The hip-hop group's lawyer accuses their business manager of putting their assets at risk
A lawyer for the Black Eyed Peas is accusing the hip-hop supergroup's business manager of failing to file income tax returns for its touring operation going back as far as eight years, and says he is only now getting around to doing their basic accounting.
Larkin admits that, “due to an inadvertent oversight,” he failed to file income tax returns for the band and some of its individual members. He claims Yu used this lapse to send out letters “filled with venomous lies and fabricated accusations . . . that he engaged in criminal conduct.”
Larkin, who owns Sherman Oaks-based Larkin Business Management, is seeking $5 million in damages.
In Yu's reply, she stands by her charges while denying Larkin’s accusations. And, for good measure, Yu claims that for years "Larkin knowingly and/or recklessly breached his fiduciary duties as a business manager by failing to timely make elections to tax various entities affiliated with the music group . . . resulting in losses of no less than $1.1 million to the members of the music group.”

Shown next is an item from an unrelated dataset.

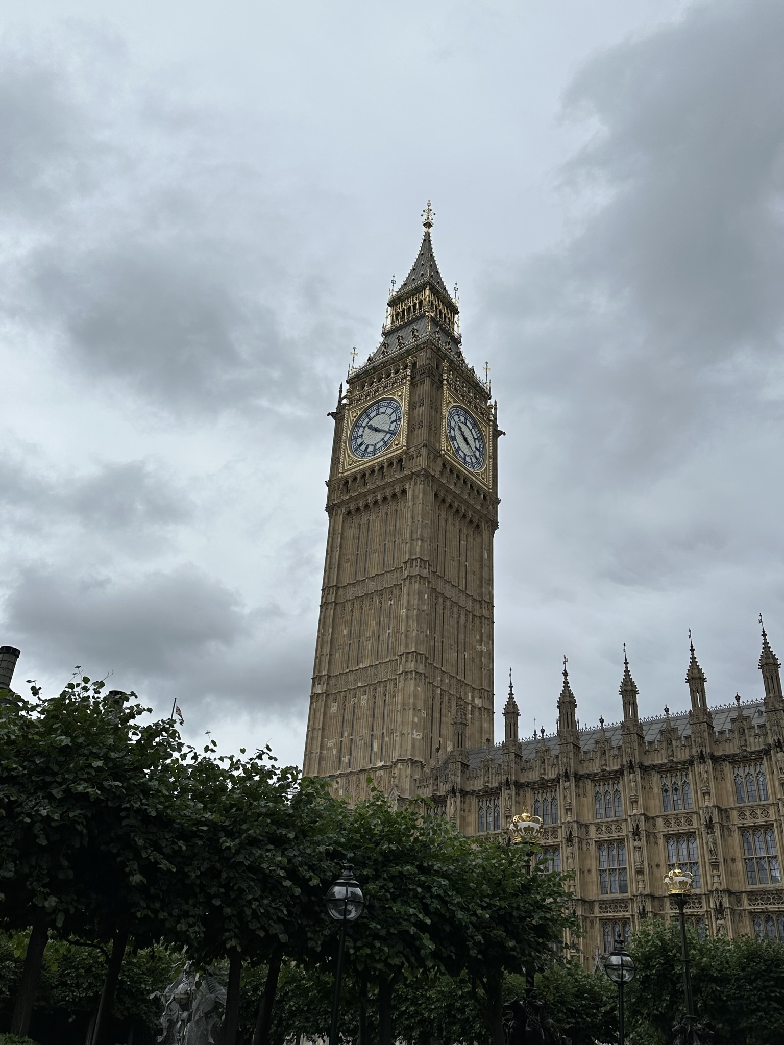 Our Final Full Day: Look Kids: Big Ben, Parliament. For our last full day, I’d booked us a Parliament tour with the audio guide (there is a fee to tour Parliament). Rain (our first) was in the forecast so we donned our rain jackets and headed down through Hyde Park, past the Wellington Arch and Buckingham Palace and landed at Parliament Square. Last time we came here, we toured the Churchill War Rooms which is on our London must do list. That’s close by here as well if you’re hitting the Parliament area sights (and well worth it).

She also says in the court filing that Larkin's failures have put the group at "considerable risk" and caused the Franchise Tax Board to suspend corporate entities owned by the group and its individual members.
The language of the legal salvos is bombastic even by the standards of the entertainment industry.
"Yu hatched a deliberate and illegal plan to ruin Larkin's reputation and poach his clients through a series of deceitful lies," thunders Larkin's original suit.
"Larkin has delayed and obstructed efforts to audit the performance of his duties as a business manager for the music group," counters Yu's reply.
Yu has lawyered up with Century City powerhouse Alan Weil, while Larkin is represented by the equally high-profile Skip Miller, who in the past has represented Bob Dylan and Nick Nolte.
A request made to Larkin for comment late Monday afternoon was not returned.